I found this thanks to French journalist Jean-Paul Brouchon. Today a collection of notebooks from Alphonse Steinès are up for sale in Paris at the Christies auction house.
Alphonse Steinès
As I wrote before, Steinès worked for L’Auto and to was responsible was the Tour de France visiting the Pyrenees, the first race in the high mountains. To cut a long story short he made his way up the Tourmalet to determine whether a race could be held on the roads. But on the day conditions were so bad that he ended up needing rescuing. Yet far from being wary, soon as the hypothermia subsided, he fired off a telegram to Paris saying the road was “perfectly passable”.
Like many legends of the Tour de France Steinès’s reconnaissance trip has been told so many times over the years that exaggerations make the tale ever more colourful, with accounts of blizzards, marauding bears and more.
Auction
But now a collection of his notebooks are for sale at auction house Christies, a genuine record rather than legend. There are nine and they are accounts from the race, complete with newspaper cuttings, handwritten results and many observations made during the race, for example “fog so thick you could cut it with a knife“.
The price is expected to reach €4,000-6,000 this afternoon. It’s a lot of money but for me that sounds like a bargain. I can’t inspect them but these are not rare, they are unique. In an age where people pay a premium for “heritage brands”, this is genuine.
The sale is today and I’d be interested to know who buys them. The books don’t appear to contain any revelations but they are records and documents from the past. As such they contain precious insights into some of the earliest races. It would be nice if they were bought by a museum or made available to historians of the sport. Today the Tour de France is part of France’s cultural heritage and these early notes are important historical documents. But if they go to a private collector I wish them some happy reading.

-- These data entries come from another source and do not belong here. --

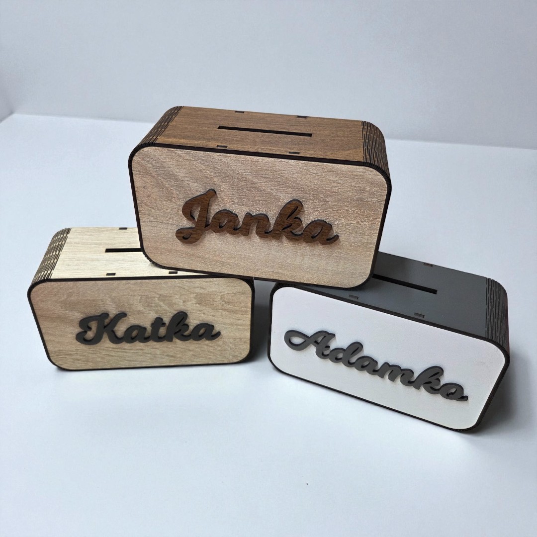 | Dárek na míru✨ Originální 3D pokladnička ze dřeva – krásný a osobní dárek pro děti i dospělé.Každý kus je ručně vyroben z kvalitního dřeva a doplněn o vyřezávané dřevěné jméno nebo nápis v 3D efektu...
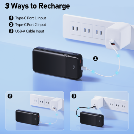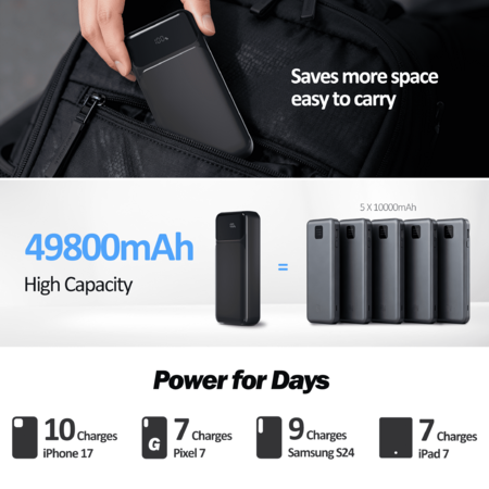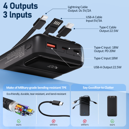 Yelomin 49800mAh Power Bank Portable Charger with Built in Cables,4 Outputs 3 Inputs 22.5W Fast Charging with LED Display $17.43
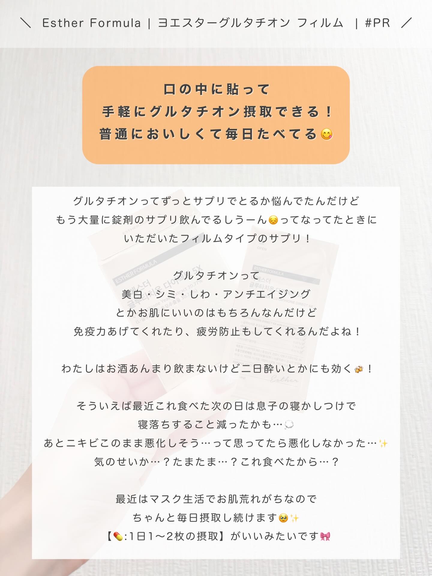 「ESTHERFORMULA」さまから商品提供していただきました♡\\目指せ色白肌❄️//*ESTHERFORMULA*ヨエスターグルタチオンダイレクト5X肌白い韓国オンニから教えてもらった飲むフィルム型サプリフィルム型サプリはエスターフォー...
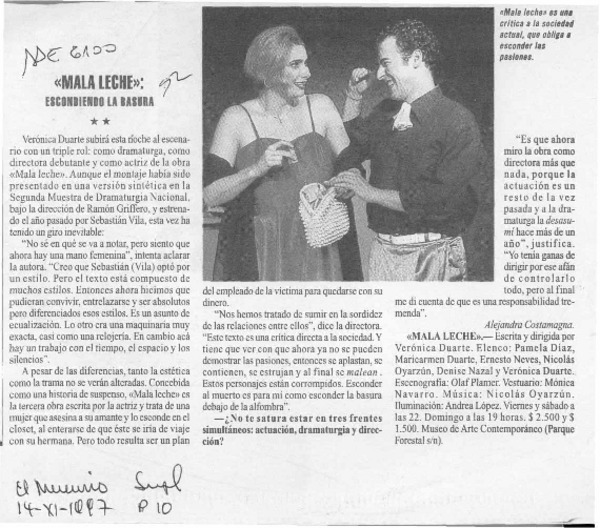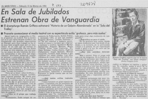 En sala de jubilados estrenan obra de vanguardia : [entrevista] [artículo].

I find it sad that this piece of cycling heritage maybe lost to the public. Couldn’t ASO or the French state buy this and put it into a museum or at least make a copy? (Maybe they will). This the “patrimoine” of France to a certain extent, at least as I see it.

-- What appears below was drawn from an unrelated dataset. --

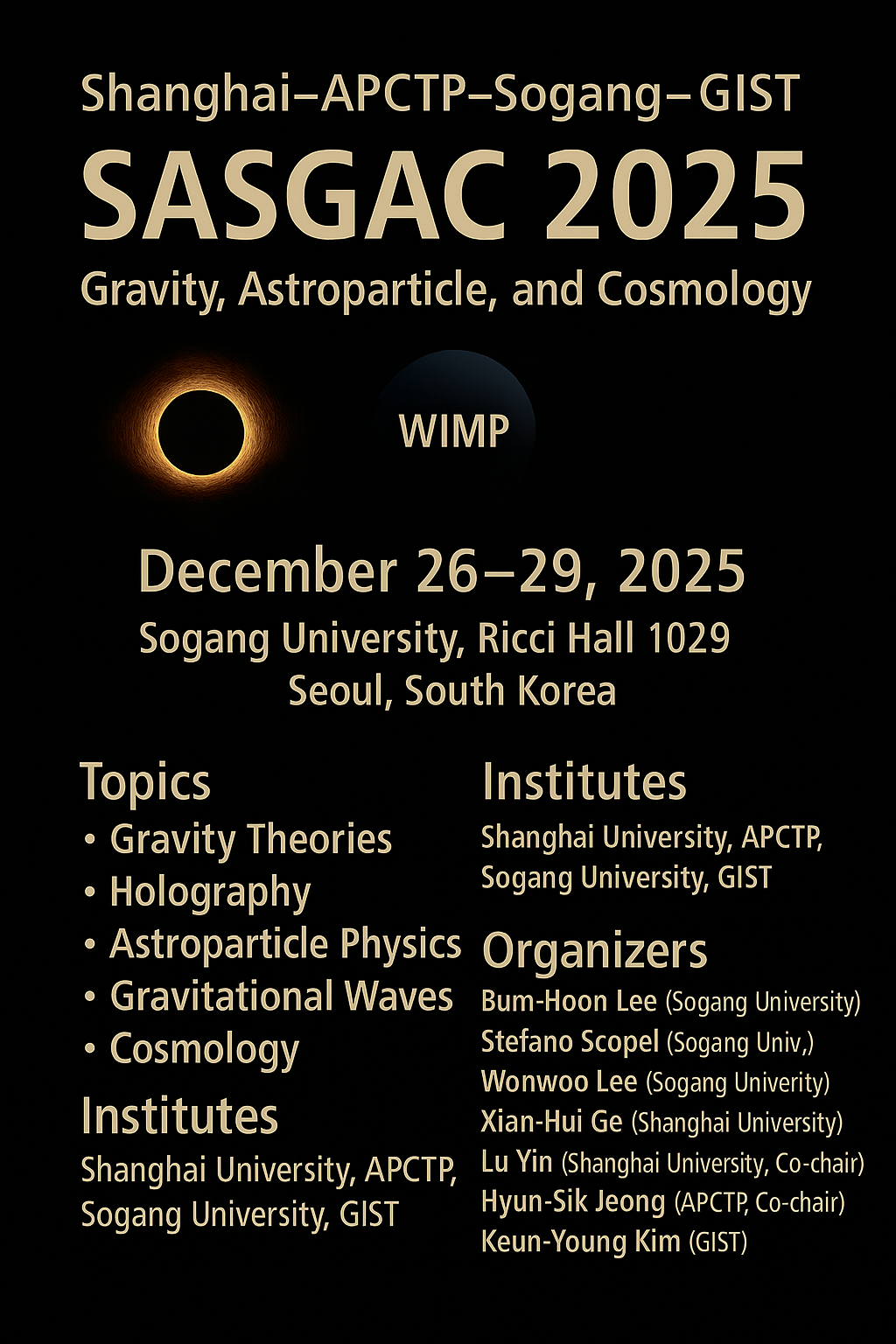 This four-day "Shanghai-APCTP-Sogang-GIST workshop on Gravity, Astroparticle, and Cosmology (SASGAC 2025)" is the first research activity, conducted in institutes in China and Korea, e.g.  the Theory Center at Shanghai University, the Center for Quantum SpaceTime (CQUeST) at Sogang University, GIST, and the Asis Pacific Center for Theoretical Physics (APCTP), among others. The main topics will include gravity theories, holography, Astroparticle Physics, Gravitational Waves, and Cosmology. It is planned to initiate and enhance international collaboration, mainly among but not restricted to three institutes, in a relaxed atmosphere through the maximum discussion time, providing participants with knowledge and practical skills. The program will focus on interactions and discussions to maximise the opportunities for collaboration.

Instead imagine it going to the Dorel exec. who downsized and closed offices for cheaper labor, oh the irony! Pro cycling has always been a living allegory for exploitation (They weren’t called “les forcats de la route” for nothing) but this is a bit much…
And, btw: four to six thousand euros is “a bargain” only for folks with that or more in their bank accounts… A bargain it is not for the Taiwanese factory worker or the recently laid off welder from Pennsylvania, but who is talking to them?
Oliver: we don’t who is selling here, they might already be lost to the public because they’re in a safe belonging to a private collector already. Now they’re for sale, let’s see where they goes.
Like I said above, it’s certainly a lot of money but some readers will spend this amount on a new bike, whereas this is a genuine historical record. Kept properly, these books won’t go out of fashion, wear out or become outdated or break. Given the historical significance I’d like to see the books go to a museum so they can be both displayed and carefully preserved, all whilst historians and others can have access to them.
Agreed: let’s hope they go to a museum. Keep us posted if you can!
So how much did they sell for and who purchased them?
It appears the lot didn’t sell in the auction, perhaps it didn’t meet the reserve price? But it could that the results were kept private.